Behind Barbed Wire: The Imprisonment of Japanese Americans During World War II (published in 1982 by E.P. Dutton) is a foundational 166-page historical text written by author Daniel S. Davis. Aimed at young adult and general audiences, this Boston Globe–Horn Book Award-winning volume delivers a meticulous account of one of the most severe violations of constitutional rights in United States history, documenting the forced relocation and mass incarceration of over 110,000 people of Japanese ancestry following the attack on Pearl Harbor.

Core Themes and Content

  • The Path to Executive Order 9066: Davis traces the rapid breakdown of civil liberties following the December 7, 1941 attack on Pearl Harbor. The book examines how wartime panic, political pressure, and deeply ingrained West Coast anti-Japanese racism culminated in President Franklin D. Roosevelt signing Executive Order 9066, which authorized the military to bypass due process and strip Japanese Americans—the vast majority of whom were U.S. citizens—of their homes, businesses, and freedom.

  • Life in the Assembly Centers and Camps: The narrative vividly details the immediate logistical realities of the relocation, describing the initial movement to temporary "assembly centers" (often converted racetracks and fairgrounds) and their subsequent transfer to ten permanent, desolate relocation centers administered by the War Relocation Authority (WRA). Davis depicts the bleak daily life behind the barbed wire—communal mess halls, tarpaper barracks, extreme weather, and the psychological toll of being viewed as subversives.

  • The Paradox of Loyalty and War Service: A crucial focus of the book is the profound internal conflict faced by internees regarding patriotism and identity. Davis explores how, despite being imprisoned by their own government, thousands of young Japanese American men answered the call to serve in the armed forces, highlighting the legendary heroism of the segregated 100th Infantry Battalion and the 442nd Regimental Combat Team.

  • Post-War Reintegration and Visual Evidence: The text follows the gradual closing of the camps toward the end of the war, detailing the immense challenges former internees faced while attempting to pick up the pieces of their shattered lives and assimilate back into a hostile society. To anchor this history, the book incorporates evocative, archival photographic documentation from national archives, including the historic documentary photography of Dorothea Lange.

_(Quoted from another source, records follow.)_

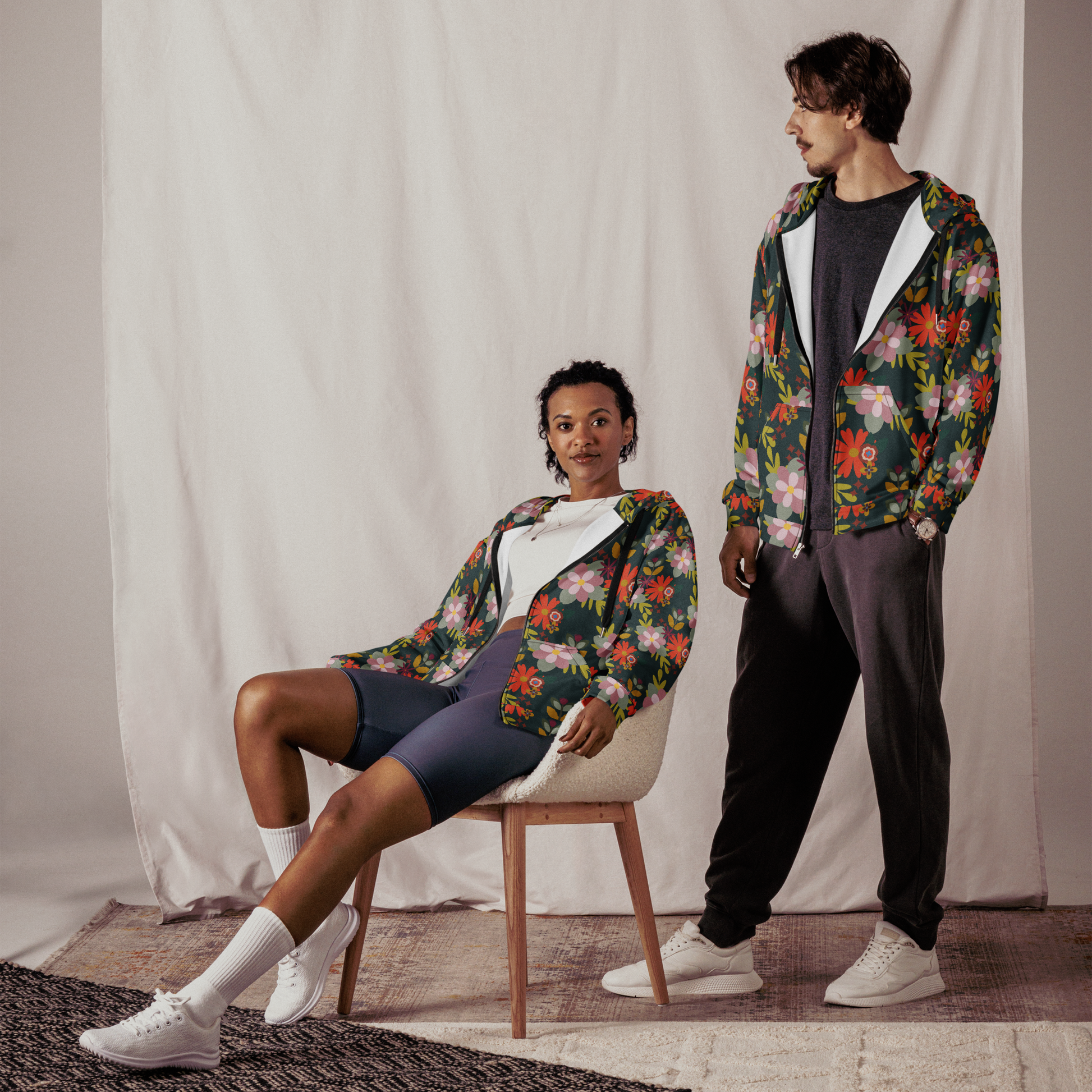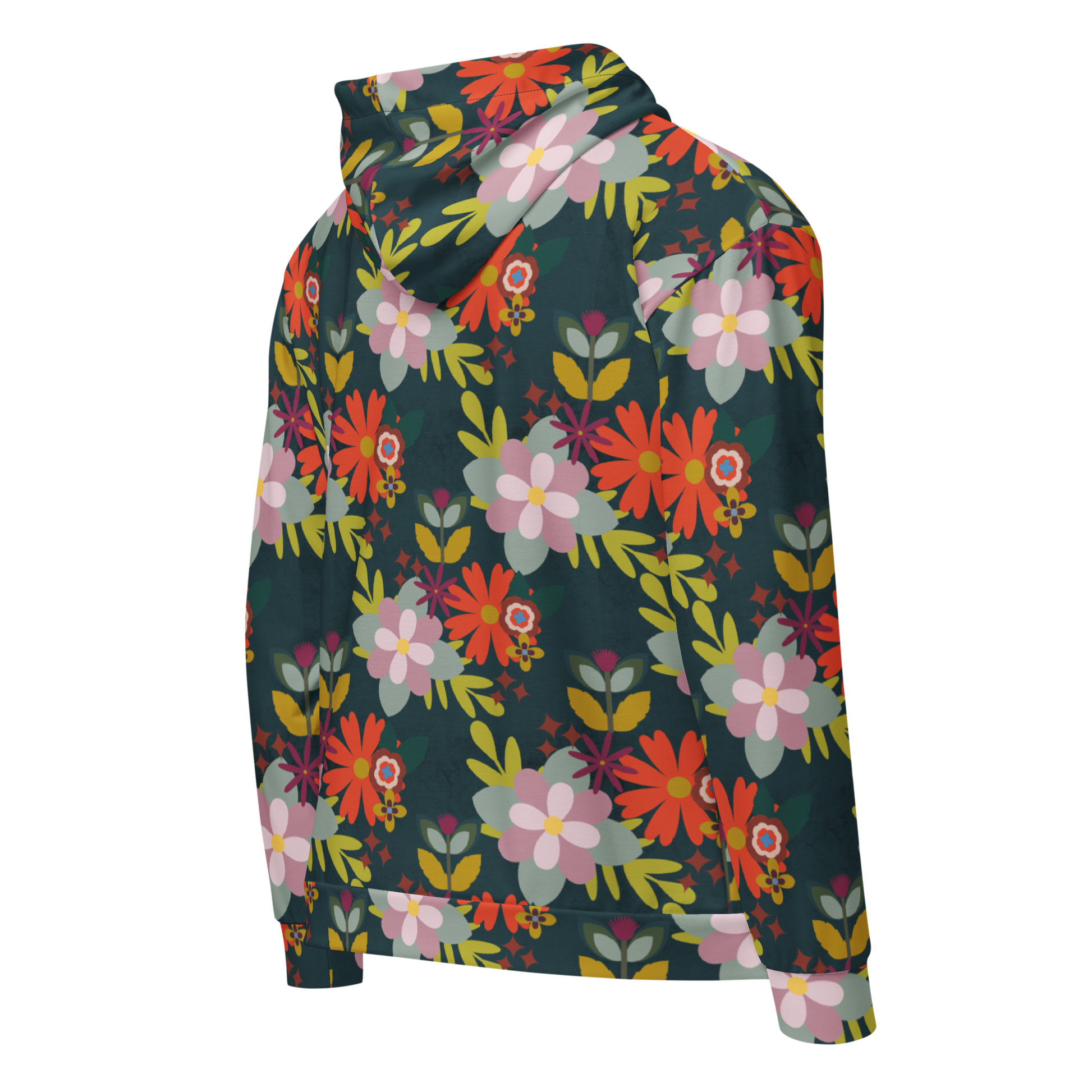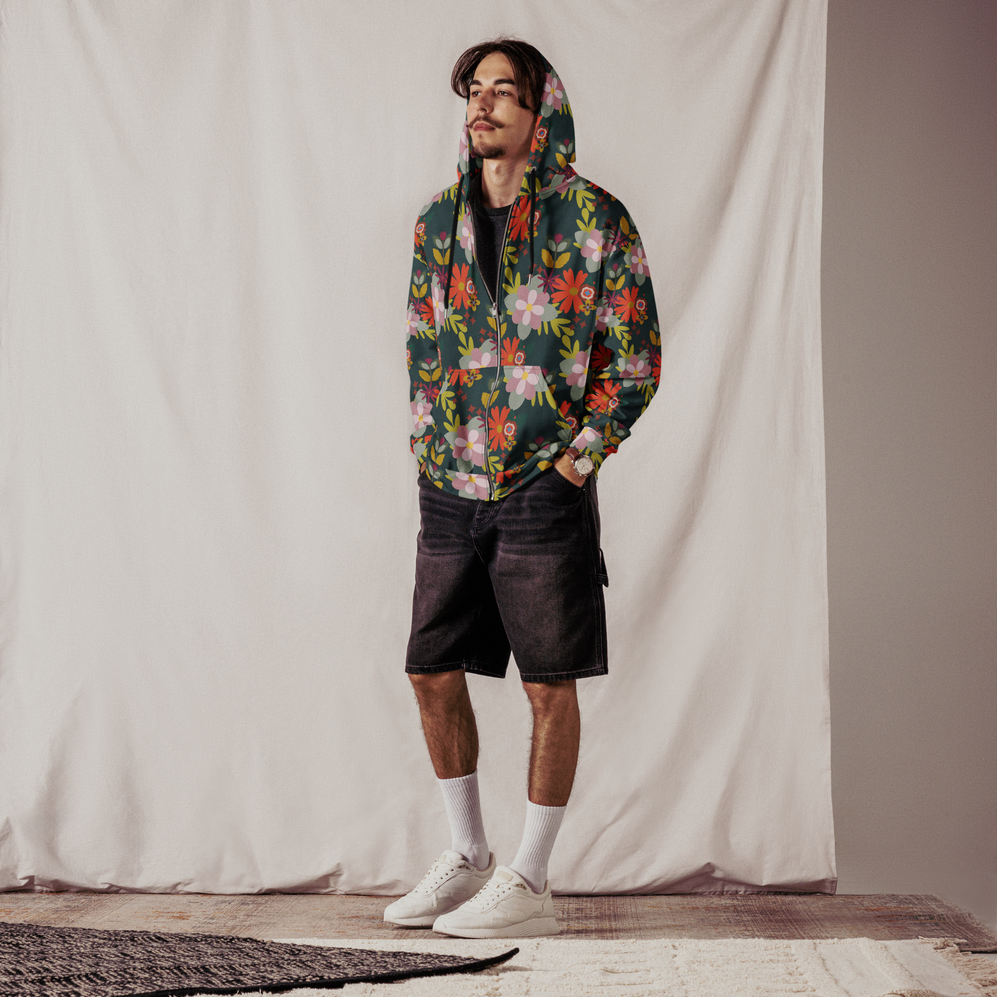 Update your streetwear style with this unisex all-over printed zip-up hoodie. Enjoy a soft, cotton-feel fabric while benefiting from high durability and premium print quality. The brushed fleece lining adds an extra layer of comfort. The unisex style features dropped shoulders, offering a relaxed and chic look. Personalize both sides of the hood and complete the design with a customizable inner label.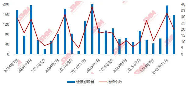 SMM Blast Furnace Maintenance Count and Impact Since 2024 (Monthly)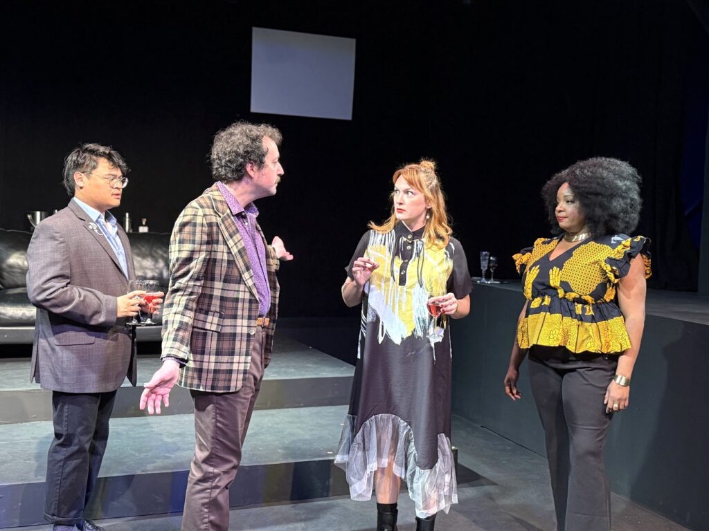 White follows Gus (Andrew Catterall), a white artist who feels shut out of the museum world, as he turns to Tanner (Timmy Pamintuan)—his partner in ways that are both romantic and creatively entangled—to help him respond after Jane (Maya Ferrario), the new curator, rejects his work for lacking “diversity.” Enter Vanessa (Kenya Mahogany Fashaw), an actor Gus hires to embody a bold new persona named Balkonaé Townsend, a creation that quickly grows beyond anyone’s control. As Jane, Gus, Vanessa, and Tanner collide over ambition, identity, and the politics of visibility, the play drives them toward an ending that unsettles every assumption they’ve been clinging to, without giving away exactly how Ijames lets the final blow land.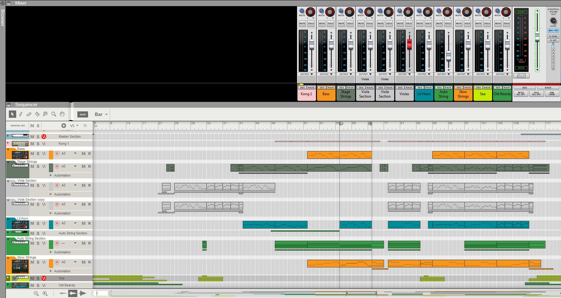 I’m listening to “Wynton Marsalis & Eric Clapton play the blues”. Everything is nice and clear. I don’t really get the music, Jazz is beyond me, but these guys are organized (and damned good). They have a structure and play within that and it lets them wail. You need a structure that lets you do that that. Often that is about the only real difference between a good player and an unknown. I use a structure in my projects. Let’s have a look-see at a recent track called “Paganini On The Poop Deck”

By examining the institutional failure of constitutional safeguards during periods of national hysteria, Behind Barbed Wireserves as a sobering cautionary tale about the fragility of democracy and a vital record of a dark chapter in the American experience.

 

Dorothea Lange (1895–1965) was a pioneering American documentary photographer and photojournalist whose empathetic, unflinching images profoundly shaped the visual legacy of the Great Depression and redefined the field of social documentary art. Born in Hoboken, New Jersey, Lange survived a childhood bout with polio that left her with a permanent limp—a physical vulnerability she later credited with forging her deep capacity to connect with people on the margins of society. After studying photography at Columbia University under Clarence H. White, she moved to San Francisco, where she ran a highly successful portrait studio catering to the city’s elite. However, as the economic devastation of the 1930s unfolded outside her door, she abandoned studio work to document the streets, catching the attention of the state-sponsored Farm Security Administration (FSA). Working alongside her husband, agricultural economist Paul Taylor, Lange traveled across the American West and South, capturing iconic, humanistic masterpieces like Migrant Mother that put a poignant face on the plight of displaced migrant workers and dust bowl refugees. Beyond her famous Depression-era work, she bravely documented the forced internment of Japanese-Americans during World War II and chronicled global communities for Life magazine, cementing her enduring legacy as a courageous visual activist who wielded her camera not merely as an artistic tool, but as a powerful instrument for social justice and institutional reform.